Absolute Dpcr Quantification of Micrornas by Absolute Dpcr for the Diagnostic Screening of Colon Cancer

Colorectal cancer (CRC) is the third most common malignancy worldwide, with an estimated one million new cases and half million deaths yearly. Screening for CRC allows early stage diagnosis of malignancy and potentially reduces disease mortality. The convenient and inexpensive fecal occult blood test (FOBT) screening test has low sensitivity and requires dietary restriction, which impedes compliance. Although colonoscopy. Is the golden screening standard for the for this cancer, the invasive nature, abdominal pain and high cost have hampered worldwide application of this procedure. A noninvasive sensitive screen for colon cancer (CC) requiring no dietary restriction is a more convenient test. CC is more abundant in the USA than rectal cancer (RC).

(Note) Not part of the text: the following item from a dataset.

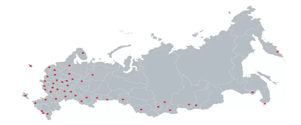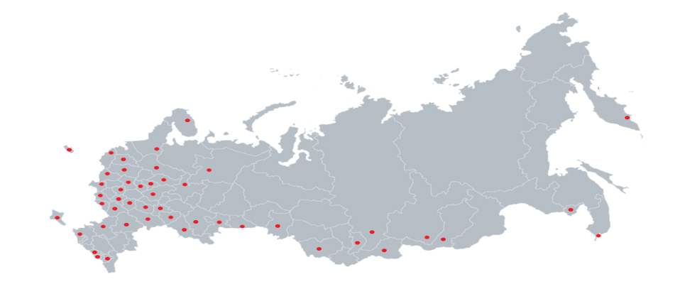 Белгородская область, Брянская область, Бурятия Республика, Владимирская область, Волгоградская область, Вологодская область, Воронежская область, Дагестан Республика, Забайкальский край, Ивановская область, Ингушетия Республика, Иркутская область, Кабардино-Балкарская Республика, Калининградская область, Калмыкия Республика, Калужская область, Камчатский край, Кемеровская область, Кировская область, Коми Республика, Костромская область, Краснодарский край, Красноярский край, Крым Республика, Курганская область, Курская область, Ленинградская область, Липецкая область, Мордовия Республика, Москва , Московская область, Мурманская область, Нижегородская область, Новосибирская область, Оренбургская область, Орловская область, Пензенская область, Пермский край, Приморский край, Псковская область, Ростовская область, Рязанская область, Самарская область, Санкт-Петербург , Саха /Якутия/ Республика, Сахалинская область, Свердловская область, Севастополь , Смоленская область, Ставропольский край, Татарстан Республика, Тверская область, Тульская область, Тыва Республика, Удмуртская Республика, Хабаровский край, Хакасия Республика, Ханты-Мансийский Автономный округ - Югра АО Челябинская область, Чеченская Республика, Чувашская Республика – Чувашия, Ярославская область.

The discovery of small non-coding protein sequences, 17- 27 nucleotides long RNAs (such as microRNAs), has opened new opportunities for a non-invasive test for early diagnosis of many cancers. MiRNA functions seem to regulate development and apoptosis, and specific miRNAs are critical in oncogenesis, effective in classifying solid and liquid tumors, and serve as oncogenes or suppressor genes. MiRNA genes are frequently located at fragile sites, as well as minimal regions of loss of heterozygosity, or amplification of common break-point regions, suggesting their involvement in carcinogenesis. Profiles of miRNA expression differ between normal tissues and tumor types, and evidence suggests that miRNA expression profiles can cluster similar tumor types together more accurately than expression profiles of protein-coding mRNA genes. Although exosomal RNA are missed, a parallel carried out on stool miRNAs to compare the extent of loss when colonocytes are only used can be carried out, and an appropriate corrections for exsosomal loss can be made. To ascertain the validity of a miRNA screening test for CC, it must be validated in a study, using a nested case control epidemiology design and employing a prospective specimen collection, retrospective blind evaluation (PRoBE) of control subjects and test colon cancer patients, as delineated by NCI’s Early Detection Research Network (EDRN) http://edrn.nci. nih.gov. Immunoparamagnetic are employed to capture colonocytes from harsh stool environment, whose extracted fragile total small RNA is stabilized shortly after stool excretion by commercial kits so it does not ever fragment, followed by standardized analytical quantitative miRNA dPCR-chip profiling in noninvasive stool samples, to develop a panel of few stable miRNAs for absolute quantitative diagnostic screening of early sporadic colon cancer (stage 0-1), more economically and with higher sensitivity and specificity than other CC screening test on the market today.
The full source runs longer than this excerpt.